= EXERCISE AIM =
Below are records; please write out exactly the lines from the first line through the line containing "แต่สำหรับเกม Three Kingdoms", with no pictures.

= SUPPLIED MATERIAL =
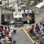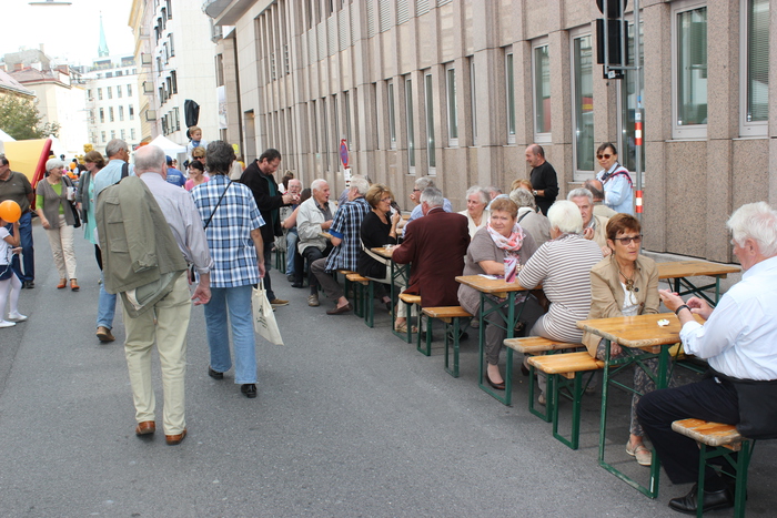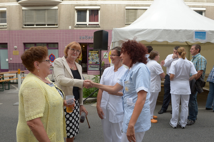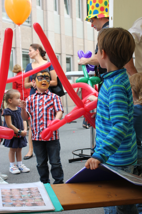 Die fleißigen Mitarbeiterinnen des Krankenhauses versorgten die Gäste auch mit Kaffee und Kuchen sowie Würstel oder einem vegetarischen Erdäpfelgulasch.Nicht nur Lufballons, sondern auch das Kinderschminken begeisterte die jüngsten Gäste.Die Bänke rund ums Krankenhaus füllten sich und die Straße wurde mit Leben gefüllt.
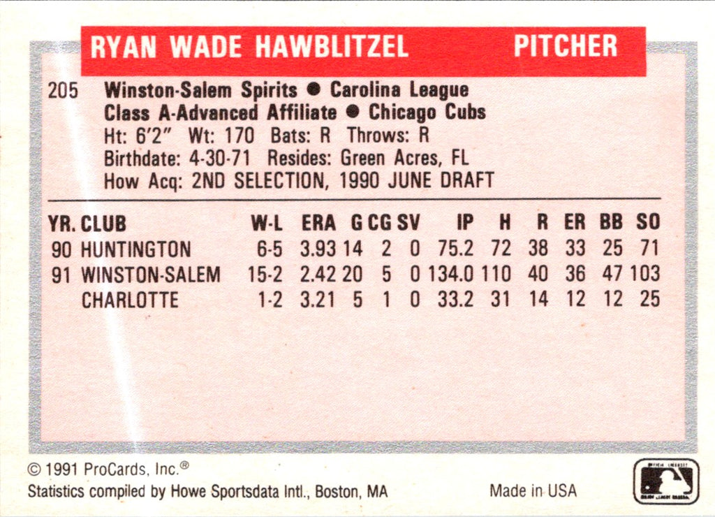 Description: 1991 ProCards Tomorrow's Heroes Ryan Hawblitzel #205
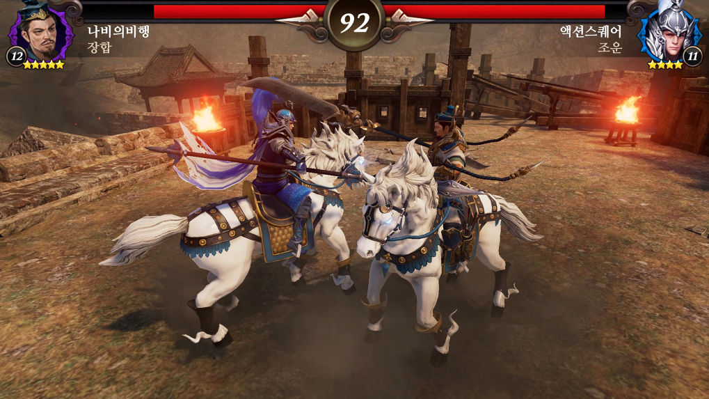 ผมคือหนึ่งในคนที่เบื่อเกมแนวจีนมากที่สุดคนหนึ่งเลยก็ว่าได้ แต่สำหรับเกม Three Kingdoms Blade ผมกลับไม่รู้สึกอย่างนั้นเลย เพราะสิ่งที่ผมเห็นจากเกมตัวนี้และประทับใจเอามากๆ ก็คือกราฟฟิกของตัวเกมที่ได้ออกแบบมาได้อย่างยอดเยี่ยม ไม่ว่าจะเป็นเหล่าตัวละครต่างๆ ที่คงเอกลักษณ์ไว้ได้อย่างไร้ที่ติ ท่วงท่าที่ดุดันและสง่างามจนไม่อาจละสายตาได้ จนรวมไปถึงเอฟเฟคที่เรียกได้ว่าอลังการเหนือหลายๆ เกมในปัจจุบันไปอย่างเหนือชั้น และนอกจากเรื่องกราฟฟิกของตัวเกมแล้ว ภายในเกมยังมีระบบต่อสู้อื่นๆ เข้ามาเสริมกับระบบต่อสู้หลักอีกด้วย โดยผมของเรียกระบบต่อสู้นี้ว่า "ระบบการต่อสู้บนหลังม้า" ซึ่งจะเป็นระบบสุดเจ๋งที่จะใช้วัดพลังกันระหว่างนักรบของเราและนักรบของฝ่ายศัตรู ว่าใครคือที่สุดของสนามรบแห่งนี้
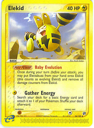 | Type | Lightning | | Pokemon serie | Sandstorm | | Stadie | Basic | | HP | 40 | | Sjældenhed | Uncommon | | Tilbagetrækning | 1 | | Svaghed | F | | Kortnummer | 36 | | Evne | [L] Gather Energy - Search your deck for a basic Energy card and attach it to 1 of your Pokemon. Shuffle your deck afterward.
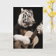 Minimalist, stylized artwork featuring a white tiger playing an acoustic guitar. Dramatic contrast and clean lines create a serene, artistic vibe for home items.
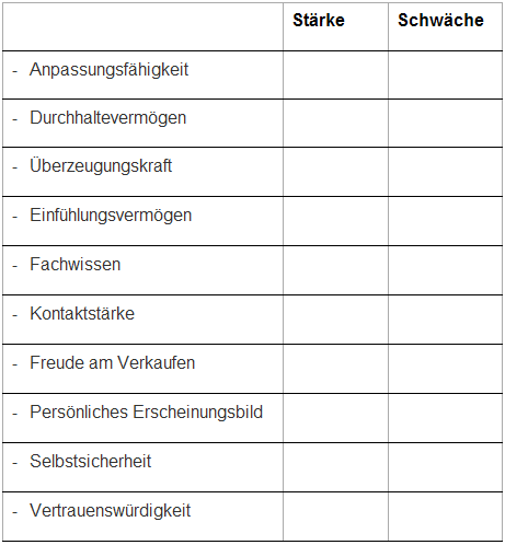Stärken- und Schwächenkatalog:
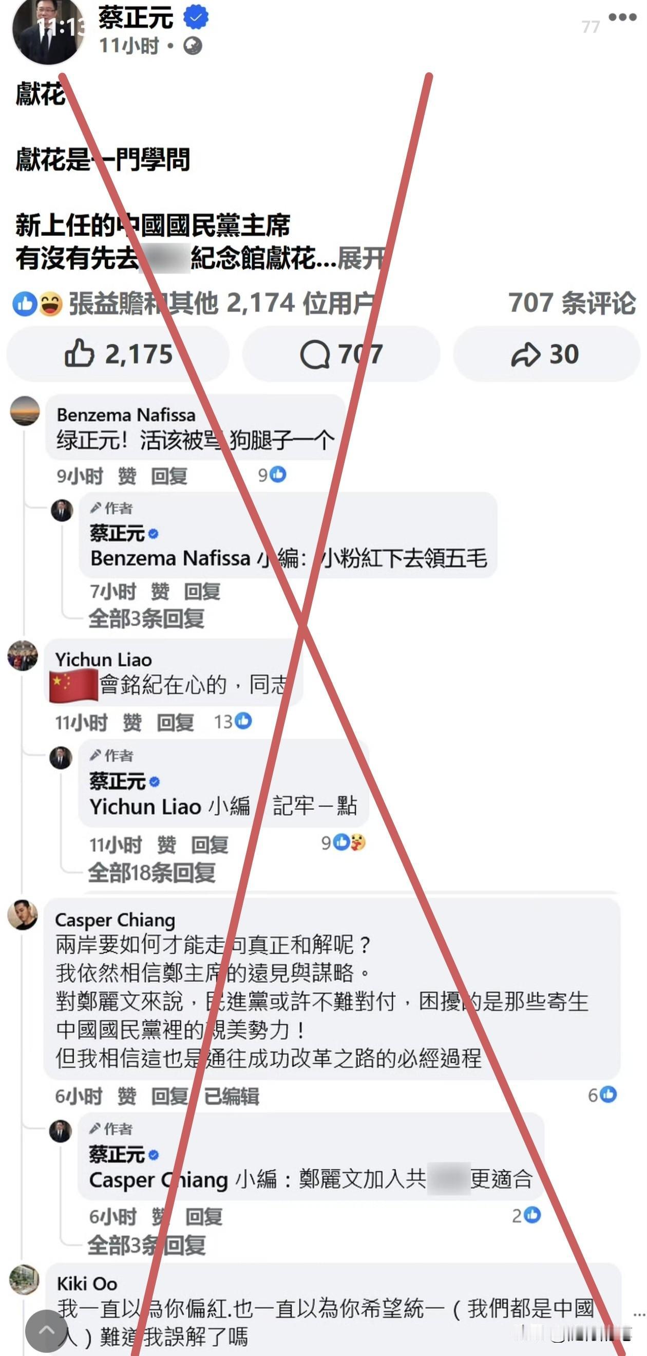 蔡正元连续发文抨击郑丽文,惹起大批网友不满,在他FB账号下面留言质疑蔡正元反应过度,没想到蔡正元居然与网友争论起来了,但是他的账号据悉不是他本人运作,与网友激烈争论的是他的“小编”。 但是,不管与网友激烈争论的是蔡正元本人还是他的“小编”,如此破防令人大开眼界,让人对蔡正元好感度大减分。 郑丽文为了两岸和平迈出这一步,蔡正元情绪却如此失控,确实令人不解。让人不禁要问,蔡正元到底是希望国民党政客多做些让两岸关系变好的事,还是希望国民党政客多做些亲美舔日的事?
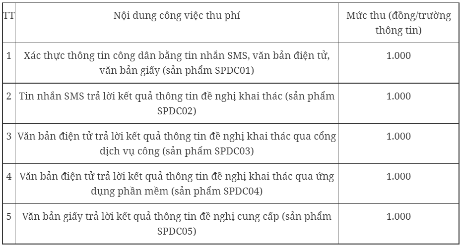 Thông tư quy định mức phí xác thực thông tin công dân, khai thác kết quả thông tin như sau:
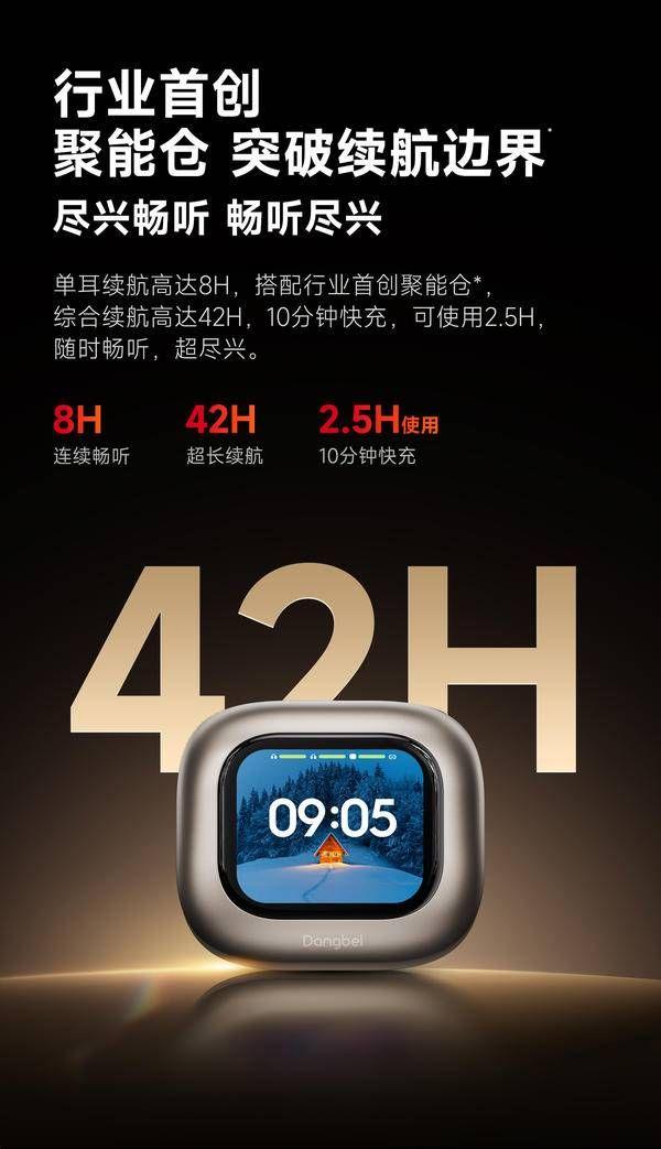针对现代人的电量焦虑,当贝耳机 Air 1 采用行业更安全的钢壳电池,单次聆听时长可达 8 小时,配合行业首创聚能仓,综合续航长达 42小时。耳机支持快充技术,充电 10 分钟即可使用 2.5 小时,彻底告别电量焦虑。
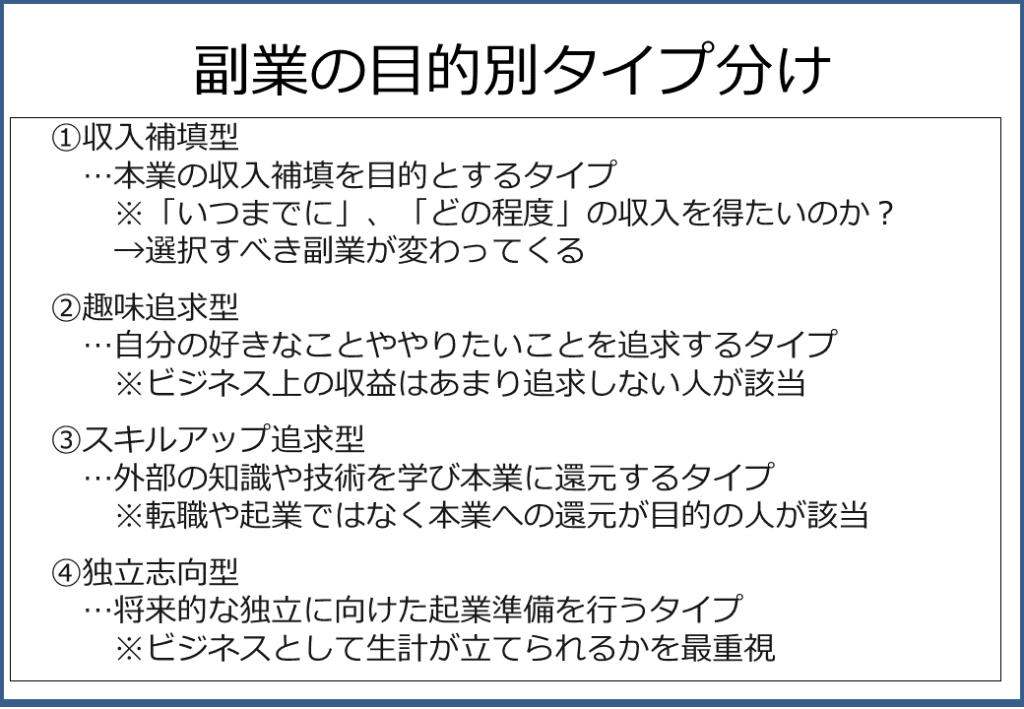 3つ目のタイプは、外部の知識や技術を学び本業に還元するために行うという「スキルアップ追求型」です。社内での昇給や昇進などを目的にしたり、自分自身のスキルアップを図ったりするなど、あくまでも本業に還元する形で副業を行う人をこのタイプに分類したいと思います。
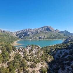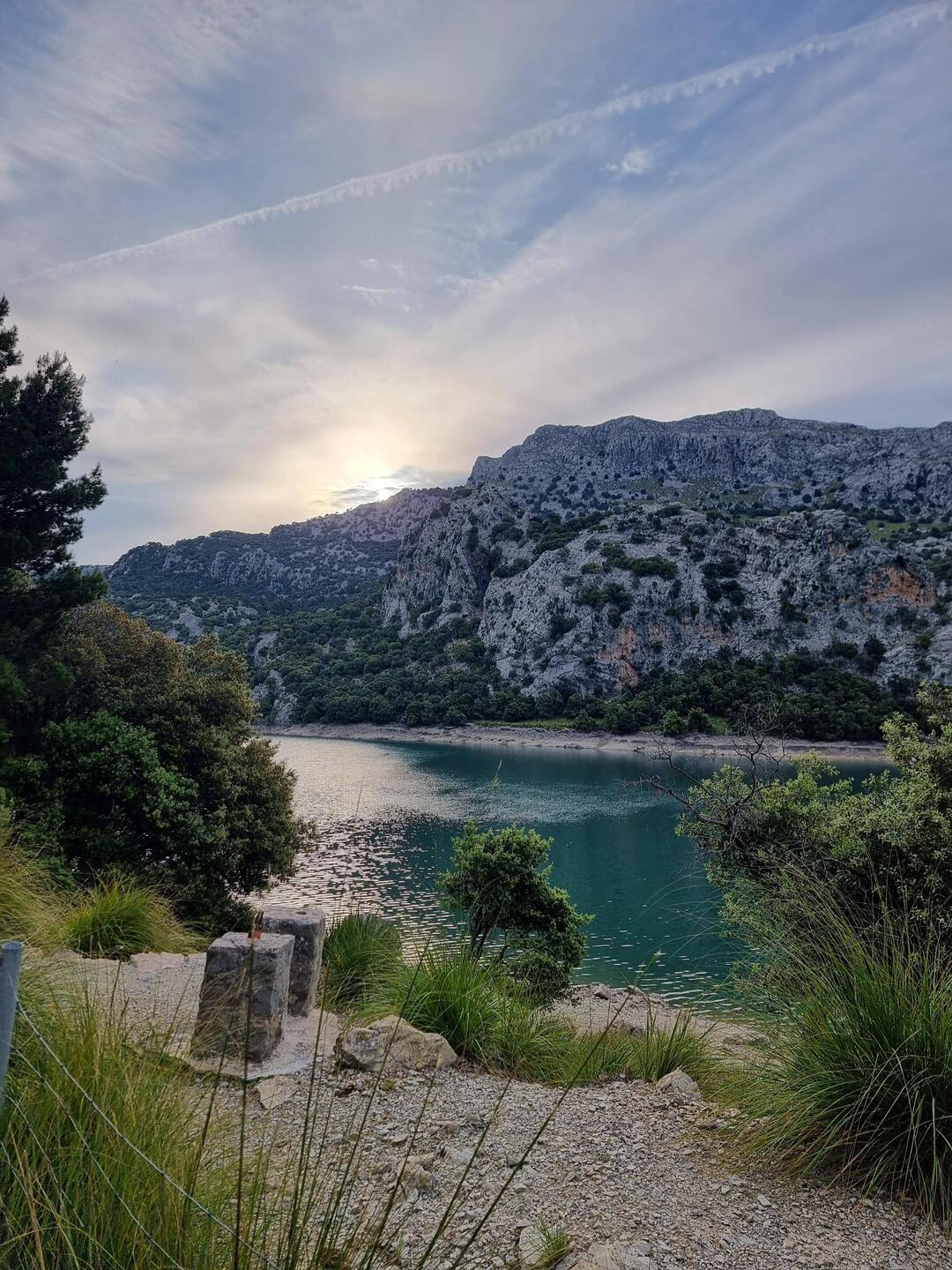Danach ging es in Serpentinen rund 900 Höhenmeter am Stück bergauf – durch eine beeindruckende Landschaft – bis zu den Stauseen, die Palma mit Trinkwasser versorgen. Leider war das Schwimmen darin verboten, obwohl ich fest damit gerechnet hatte. Ich war ziemlich verschwitzt. Zum Glück fand ich eine offene Leitung oder einen Kanal zwischen den beiden Seen, an dem ich mich ein wenig Waschen konnte – ohne gleich die städtische Wasserversorgung zu verseuchen.
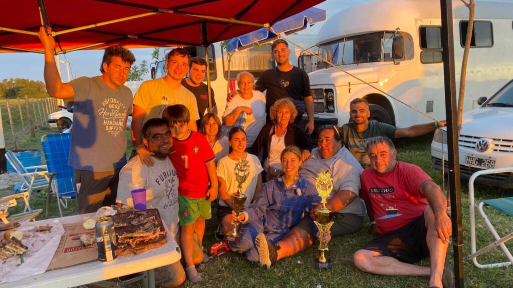 La chica junto a su padre, madre, familiares y unos integrantes del equipo, en un día de festejos. Mucho esfuerzo en tiempos difíciles en el país y amor del bueno por el automovilismo.

= SOLUTION BELOW =
 Die fleißigen Mitarbeiterinnen des Krankenhauses versorgten die Gäste auch mit Kaffee und Kuchen sowie Würstel oder einem vegetarischen Erdäpfelgulasch.Nicht nur Lufballons, sondern auch das Kinderschminken begeisterte die jüngsten Gäste.Die Bänke rund ums Krankenhaus füllten sich und die Straße wurde mit Leben gefüllt.
 Description: 1991 ProCards Tomorrow's Heroes Ryan Hawblitzel #205
 ผมคือหนึ่งในคนที่เบื่อเกมแนวจีนมากที่สุดคนหนึ่งเลยก็ว่าได้ แต่สำหรับเกม Three Kingdoms Blade ผมกลับไม่รู้สึกอย่างนั้นเลย เพราะสิ่งที่ผมเห็นจากเกมตัวนี้และประทับใจเอามากๆ ก็คือกราฟฟิกของตัวเกมที่ได้ออกแบบมาได้อย่างยอดเยี่ยม ไม่ว่าจะเป็นเหล่าตัวละครต่างๆ ที่คงเอกลักษณ์ไว้ได้อย่างไร้ที่ติ ท่วงท่าที่ดุดันและสง่างามจนไม่อาจละสายตาได้ จนรวมไปถึงเอฟเฟคที่เรียกได้ว่าอลังการเหนือหลายๆ เกมในปัจจุบันไปอย่างเหนือชั้น และนอกจากเรื่องกราฟฟิกของตัวเกมแล้ว ภายในเกมยังมีระบบต่อสู้อื่นๆ เข้ามาเสริมกับระบบต่อสู้หลักอีกด้วย โดยผมของเรียกระบบต่อสู้นี้ว่า "ระบบการต่อสู้บนหลังม้า" ซึ่งจะเป็นระบบสุดเจ๋งที่จะใช้วัดพลังกันระหว่างนักรบของเราและนักรบของฝ่ายศัตรู ว่าใครคือที่สุดของสนามรบแห่งนี้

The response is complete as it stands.